Problem to work on =
Copy out all the lines of the data precisely, omitting any pictures.

Data excerpt =
_____
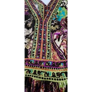 ECI New York Multi Color V-Neck 3/4 Sleeve Stretch Dress Women's XL Boho Purple
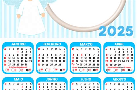 DownloadCalendário Anjinho Cute de Batizado 2025 PNG - Digital Grátis
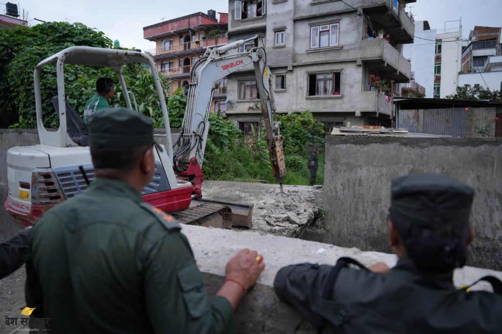 काठमाडौं । कालीमाटी क्षेत्रमा बग्ने खोलामाथी बनेका स्वीकृति बेगरका पक्की पुलसमेत डोजर र ब्रेकर लगाएर काठमाडौं महानगरपालिकाले भत्काएको छ ।
_____
Result of the task =
 ECI New York Multi Color V-Neck 3/4 Sleeve Stretch Dress Women's XL Boho Purple
 DownloadCalendário Anjinho Cute de Batizado 2025 PNG - Digital Grátis
 काठमाडौं । कालीमाटी क्षेत्रमा बग्ने खोलामाथी बनेका स्वीकृति बेगरका पक्की पुलसमेत डोजर र ब्रेकर लगाएर काठमाडौं महानगरपालिकाले भत्काएको छ ।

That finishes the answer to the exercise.